| EXERCISE DETAILS |
Below, locate the line that contains "Kampa Rêwîtiyê Hammock, rehetiya". Repeat exactly from that line to the line that contains "Madras og sele", inclusive, leaving out the pictures.
### RECORD EXCERPTS ###
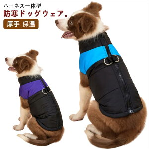 ハーネス一体型防寒ドッグウェア。表生地撥水加工済み、中綿入りの秋冬にお勧めのあたたいドッグウェア。ハーネスとジャンパーが一体になった防寒ジャンパーです。背中にファスナー仕様で、楽にリードを付けられます...
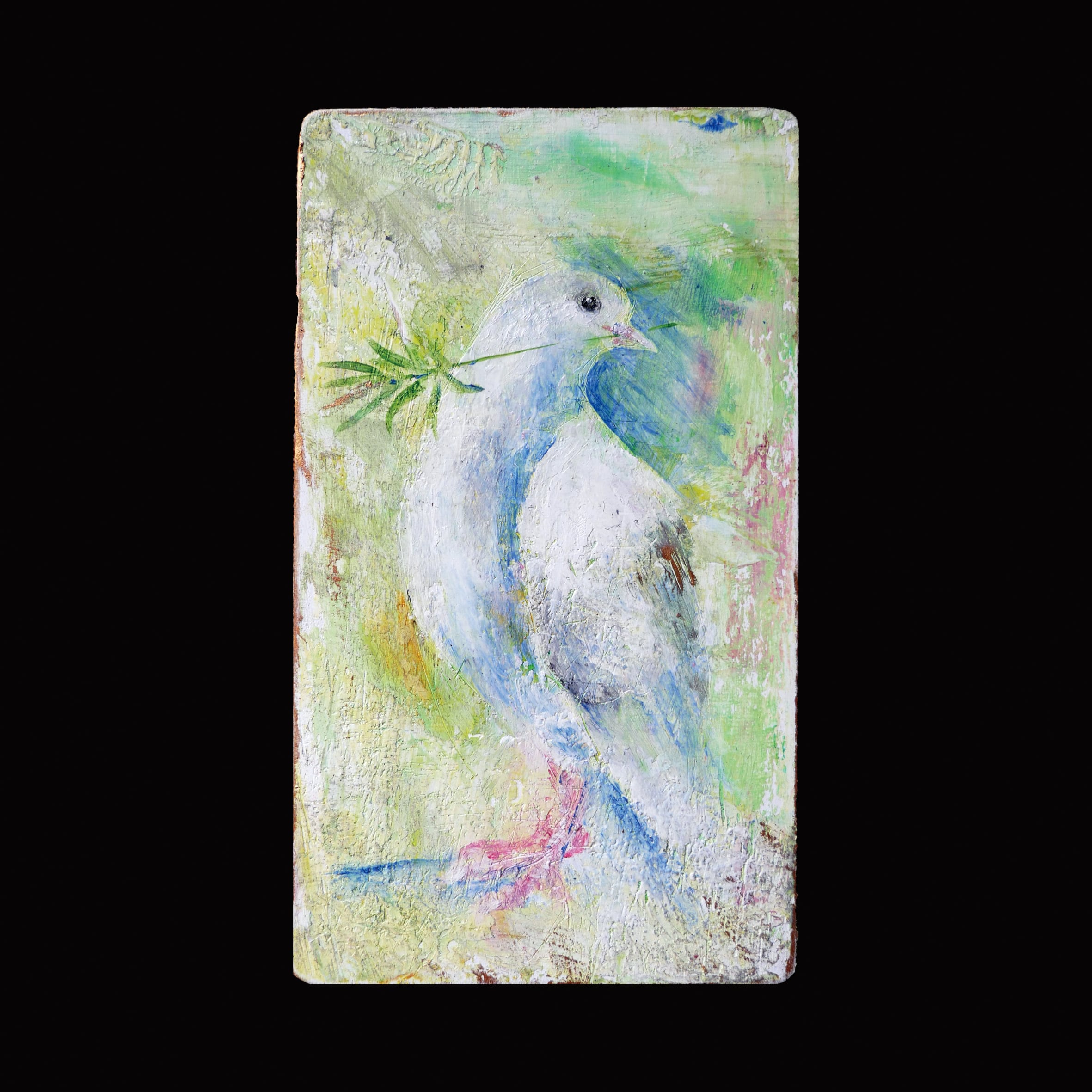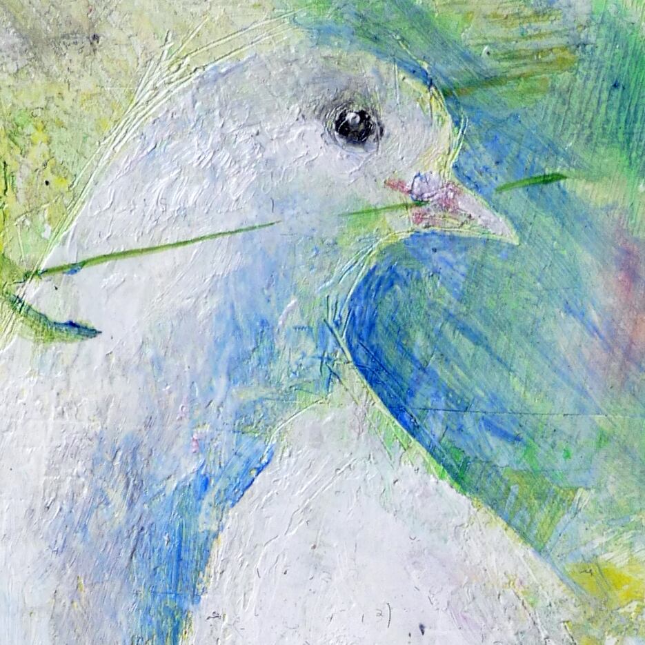 オリーブの枝を銜える一羽の鳩を描きました。
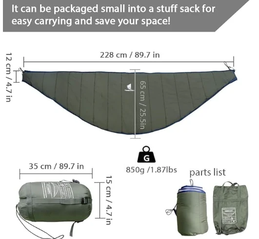 Kampa Rêwîtiyê Hammock, rehetiya bagê ya razanê û bi hêsanî li ser hammockek standard a hişk bicîh bikin, hûn di hewaya sar de germ bikin., Ltd. Ew ji bo kampan, paşpirtik, nêçîrvan, çalakiyên derveyî, çiyayî bêkêmasî ye
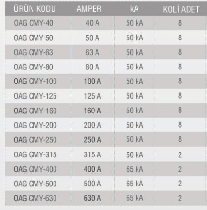 100A ,125A ,160 A ,200 A ,250 A ,315 A ,400 A ,40A ,50A ,63A ,80A |
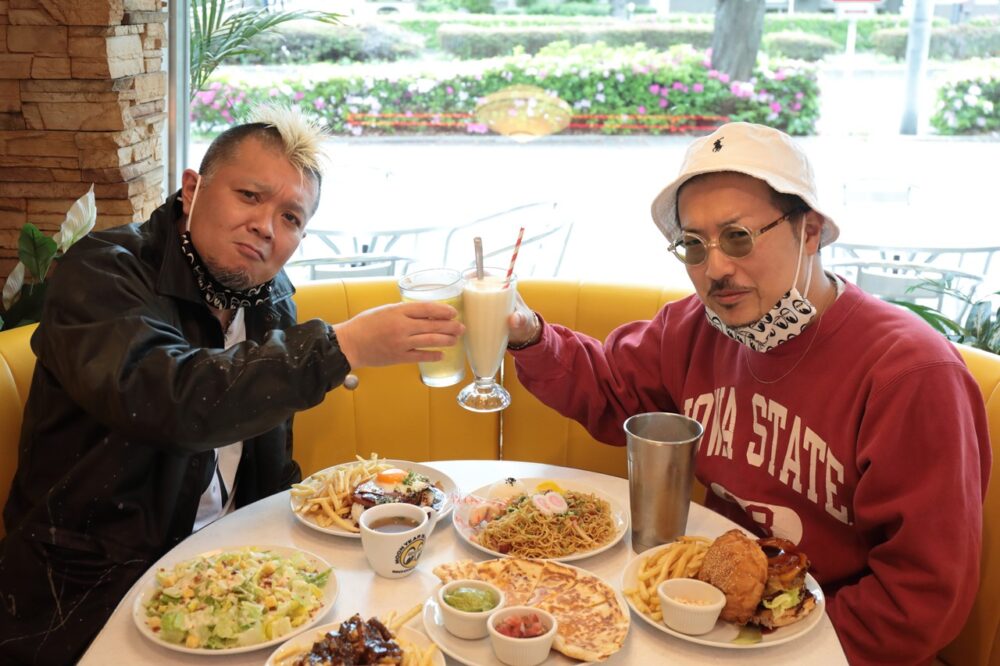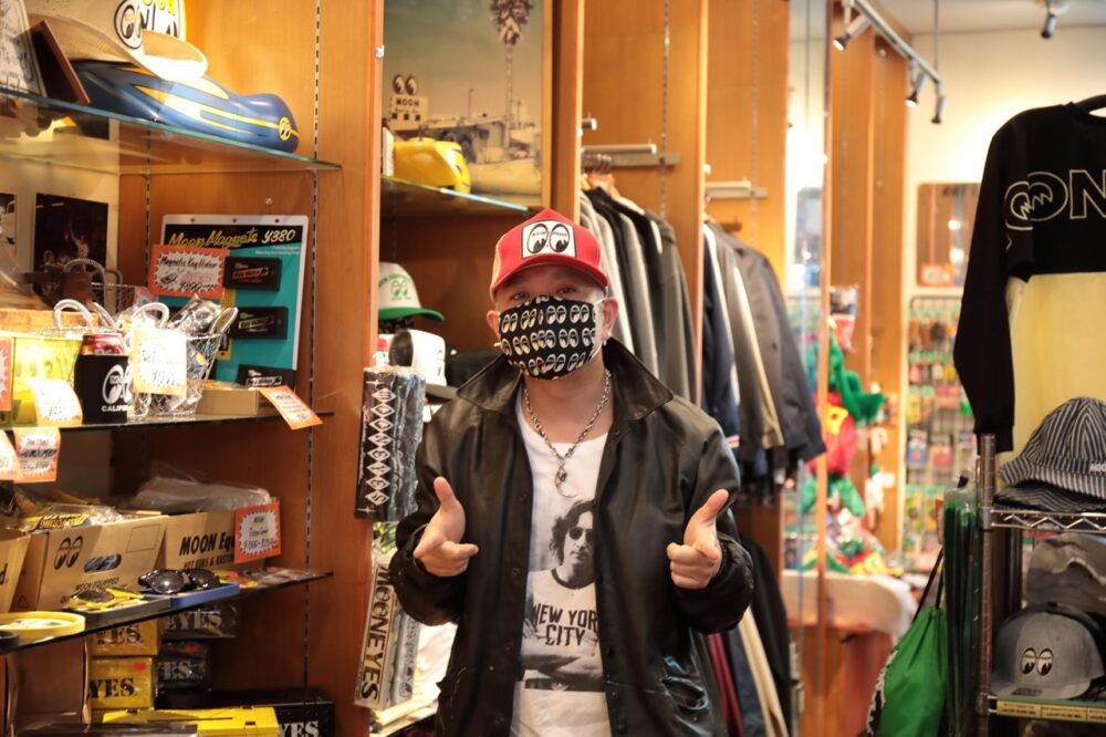 取材に訪れてすぐ、モヒカン小川、ランボルギーニ三浦揃ってMOON Equippedロゴの総柄マスクを購入。コロナ禍期間中は外出時の必須アイテムだけにマスクのデザインにもこだわりたい。
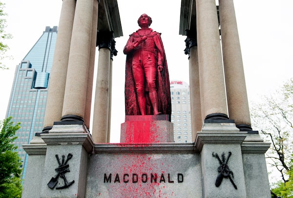 The statue of Sir John A. Macdonald is seen after being vandalized in Montreal, Friday, August 17, 2018.Graham Hughes/The Canadian Press
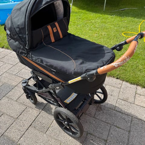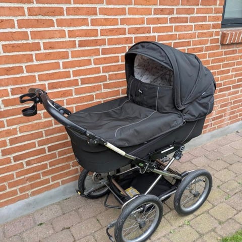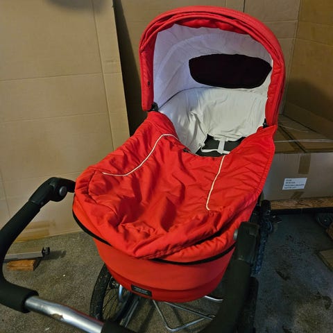 Madras og sele medfølger. Samt fluenet og regnslag. Liggemål 98cm.
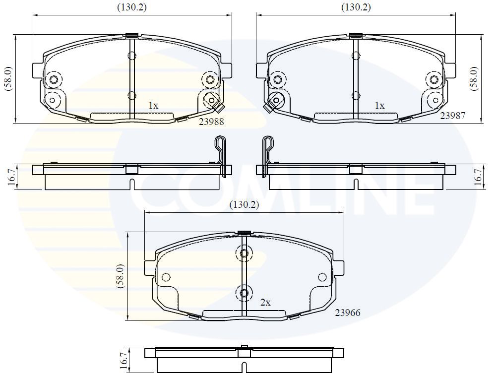 Proizvođač: COMLINE | Kočioni sistem: Mando | Kočione pločice: bez zakošene ivice | Širina [mm]: 58mm | Debljina [mm]: 16mm | WVA-broj: 8 | WVA-broj: 23966 | WVA-broj: 23987 | Indikator za upozorenje na habanje: 23988 | Dužina [mm]: sa zvučnim upozorenjem za habanjemm | Spart line kod: cocbp31798 | GTIN: 5055339184537
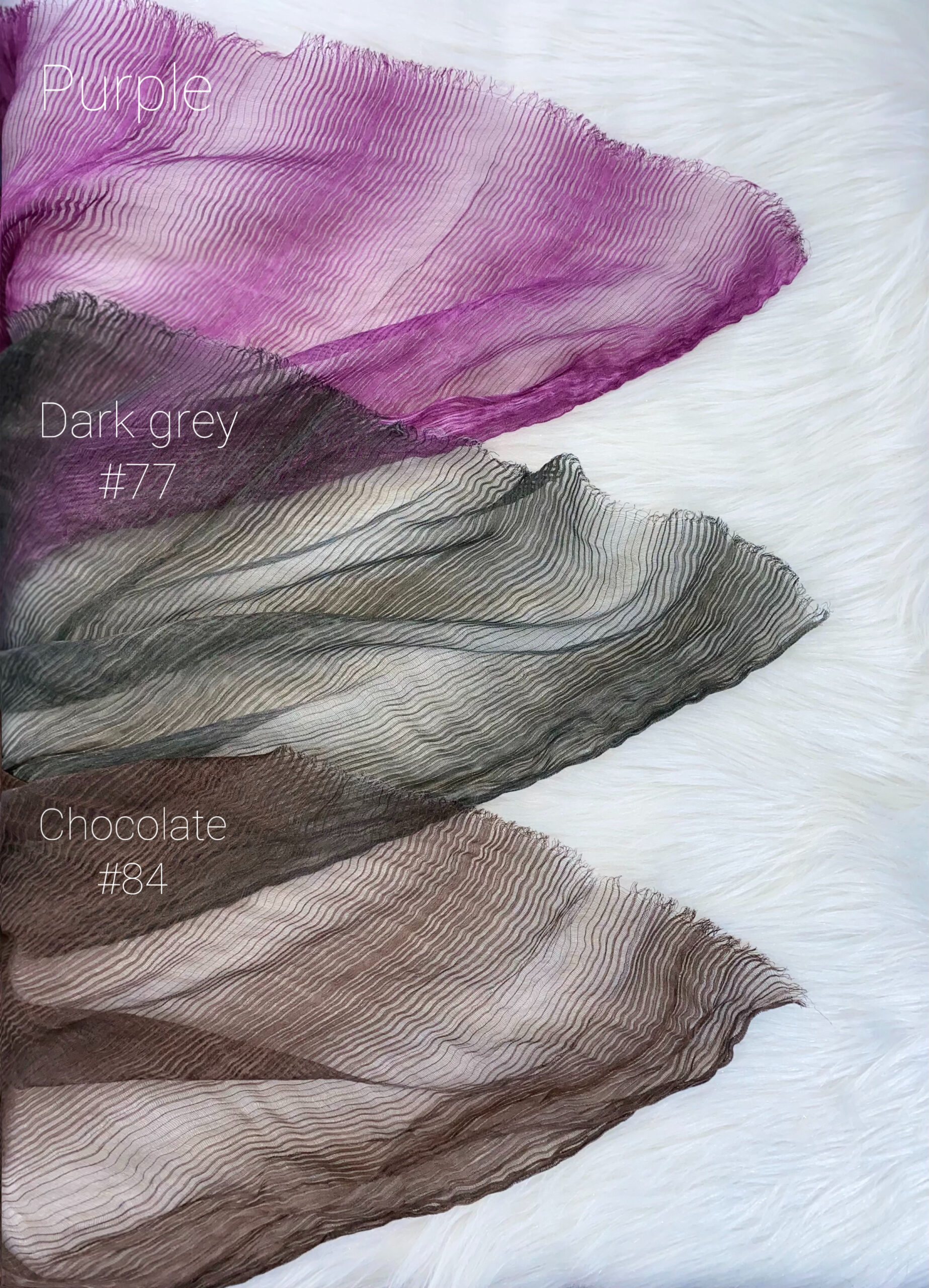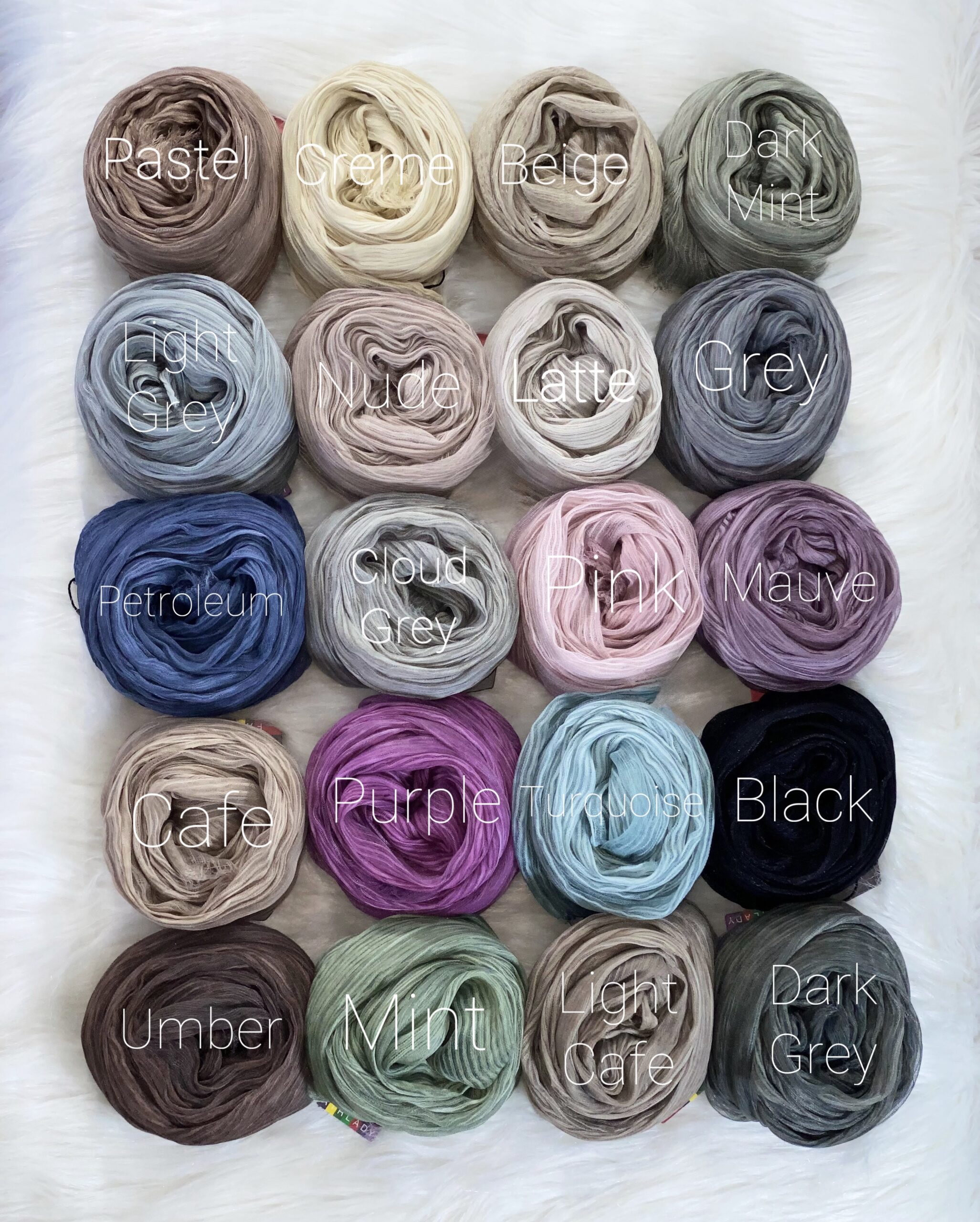 | اللون | Beige, Black, Cafe, chocalate, cloud grey, creme, dark grey, Dark mint, Grey, Latte, Light Cafe, Light Grey, mauve, Mint, Nude, Pastel, petroleum, Pink, purple, turquoise, umber |
###
| YOUR RESPONSE |
 Kampa Rêwîtiyê Hammock, rehetiya bagê ya razanê û bi hêsanî li ser hammockek standard a hişk bicîh bikin, hûn di hewaya sar de germ bikin., Ltd. Ew ji bo kampan, paşpirtik, nêçîrvan, çalakiyên derveyî, çiyayî bêkêmasî ye
 100A ,125A ,160 A ,200 A ,250 A ,315 A ,400 A ,40A ,50A ,63A ,80A |
 取材に訪れてすぐ、モヒカン小川、ランボルギーニ三浦揃ってMOON Equippedロゴの総柄マスクを購入。コロナ禍期間中は外出時の必須アイテムだけにマスクのデザインにもこだわりたい。
 The statue of Sir John A. Macdonald is seen after being vandalized in Montreal, Friday, August 17, 2018.Graham Hughes/The Canadian Press
 Madras og sele medfølger. Samt fluenet og regnslag. Liggemål 98cm.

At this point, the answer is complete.